任せた後も、「放置」ではなく「伴走」する意識が大切です。

具体的には、

• こまめな進捗確認(マイクロマネジメントではなく、支援的スタンスで)

• ポジティブなフィードバック(小さな進展にも光を当てる)

• 障害が出たときのサポート(責任追及より原因共有)

これらをバランスよく行うことが求められます。

特に、「できている点」をきちんと認め、称賛することが、部下の成長意欲を大きく後押しします。

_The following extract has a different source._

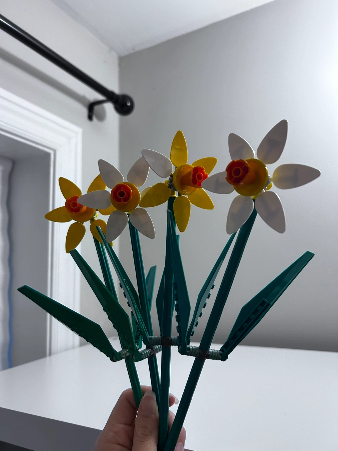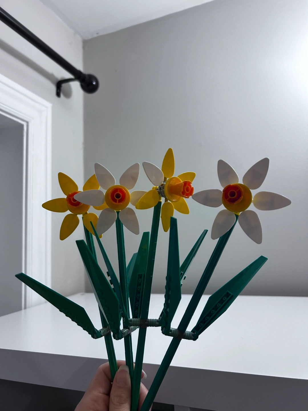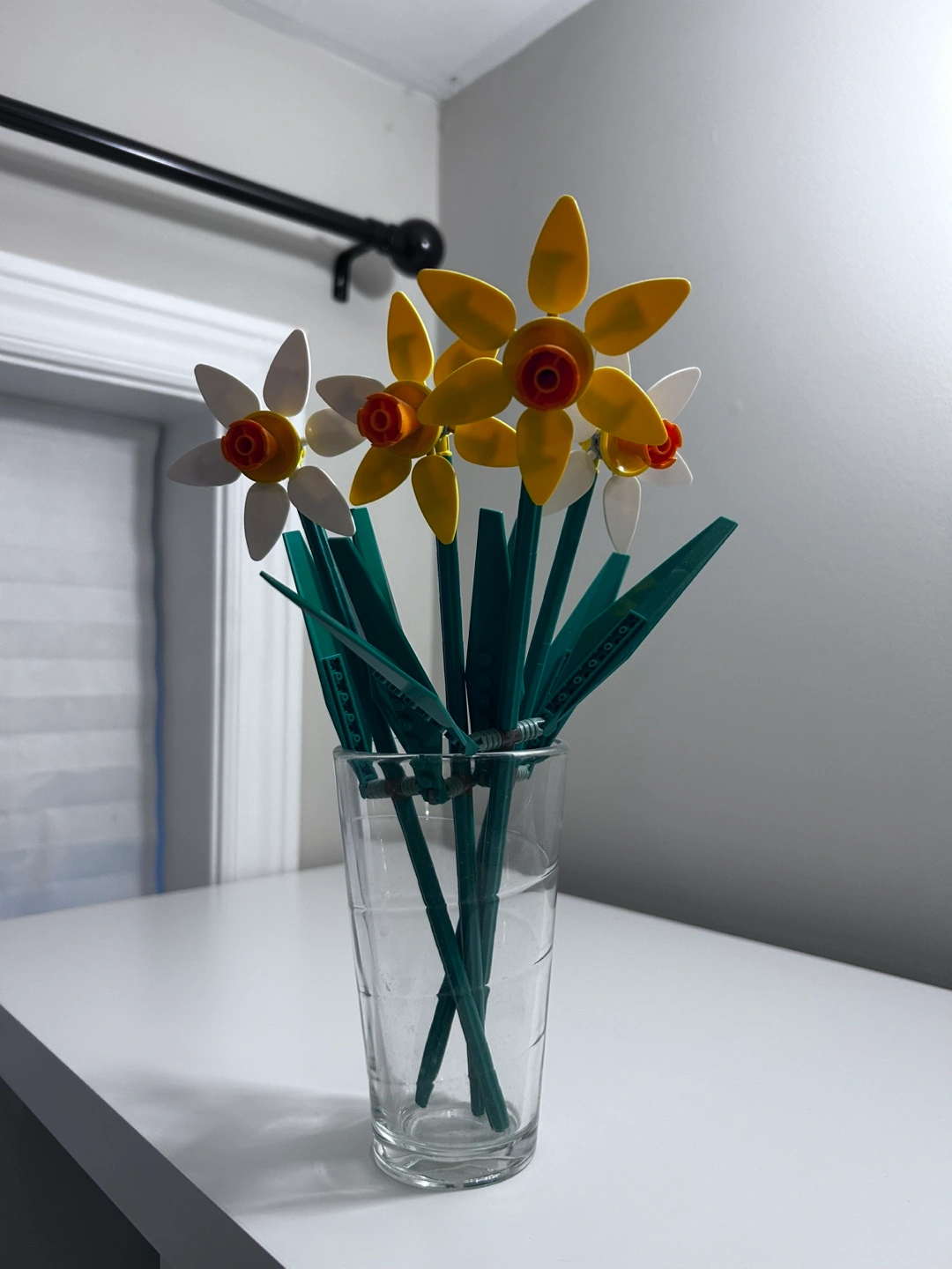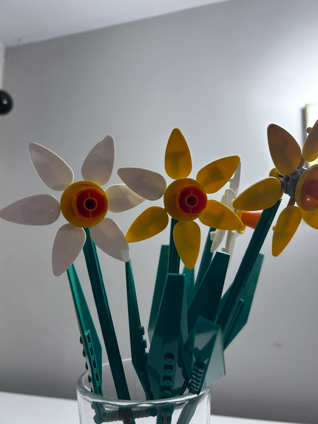 One of the four flowers has a white petal instead of all yellow (it came like that when I bought it) Can be purchased built or unbuilt
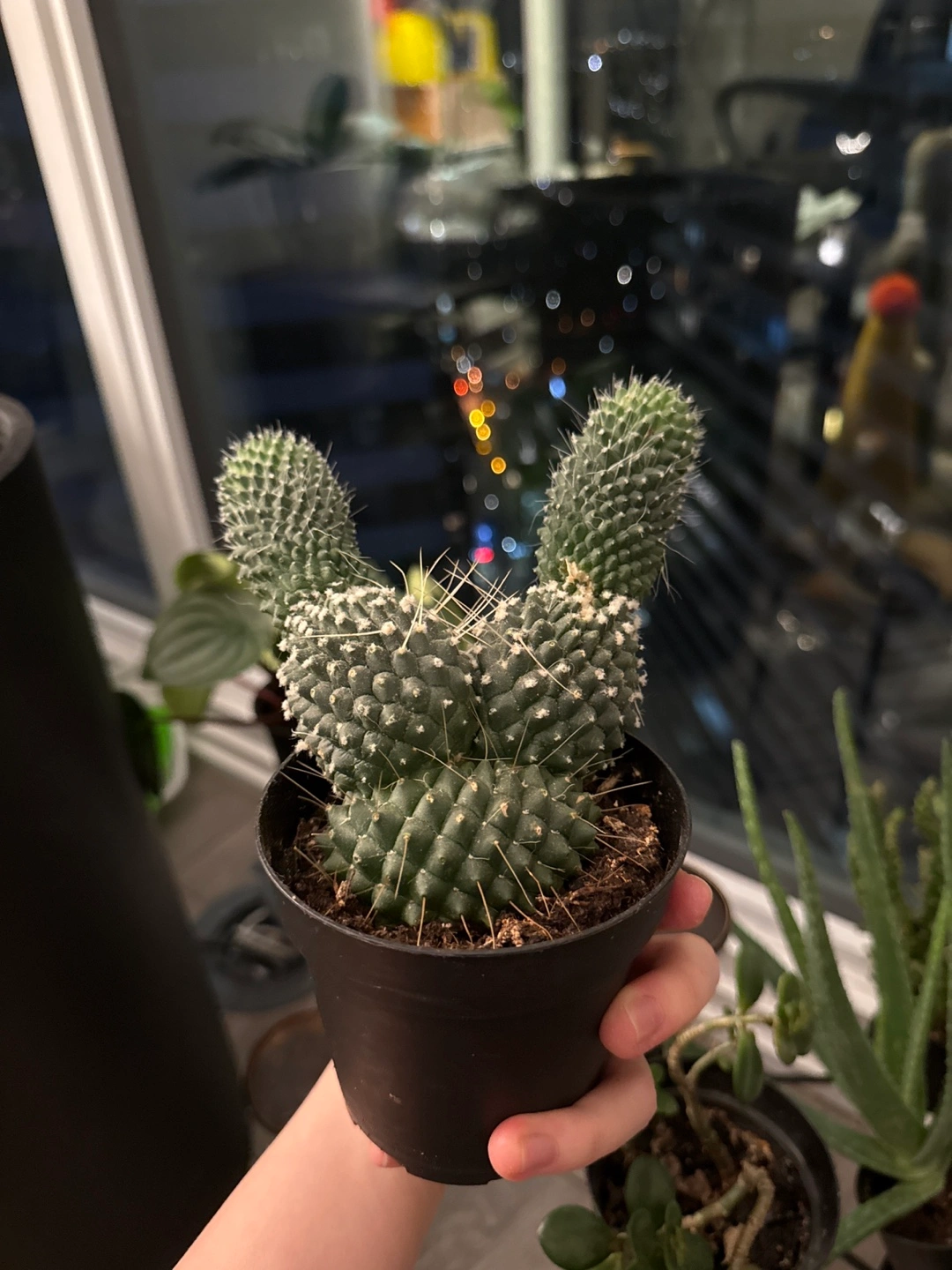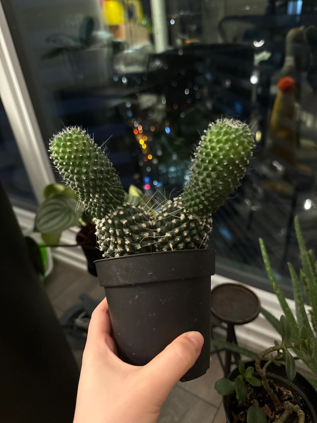 Adorable bunny ear cactus in a small black pot. Healthy and vibrant green. Perfect addition to your plant collection. Needs replantation since it's outgrown the current pot. Perfectly healthy!

また、うまくいかなかったときも、失敗を責めるのではなく、

「何が原因だったか」「次はどうするか」

を一緒に考える姿勢を持ちましょう。

5章:任せる力はチームを「自走」させる力になる

任せる力を育てることは、チームにとって単なる業務効率化以上の意味を持ちます。

それは、メンバー一人ひとりが「自分で考え、動く」力を育てることにつながります。

自走できるチームは、マネジャーの指示を待たずに、

• 自主的に課題を見つけ

• 解決策を考え

• チーム全体で成果を上げる

というサイクルを回すことができます。

つまり、「任せること」こそ、マネジャー自身が真のリーダーシップを発揮するためのカギなのです。

📚おすすめの一冊

『1分間リーダーシップ』

(著:ケン・ブランチャード、パトリシア・ジガーミ、ドレナ・ジガーミ)

「任せる力」を育てるうえで、新任マネジャーにとって非常に参考になる一冊です。

本書では、部下一人ひとりの「発達段階」に応じた指導スタイル(教える・支援する・委任する)を選ぶことの重要性がわかりやすく解説されています。

ただ任せるだけではなく、成長に合わせたサポートを変えることで、部下の自立を促す。

そんな、任せ方の本質が学べる内容です。

短時間で読める実践書なので、忙しいマネジャーにもぴったりです。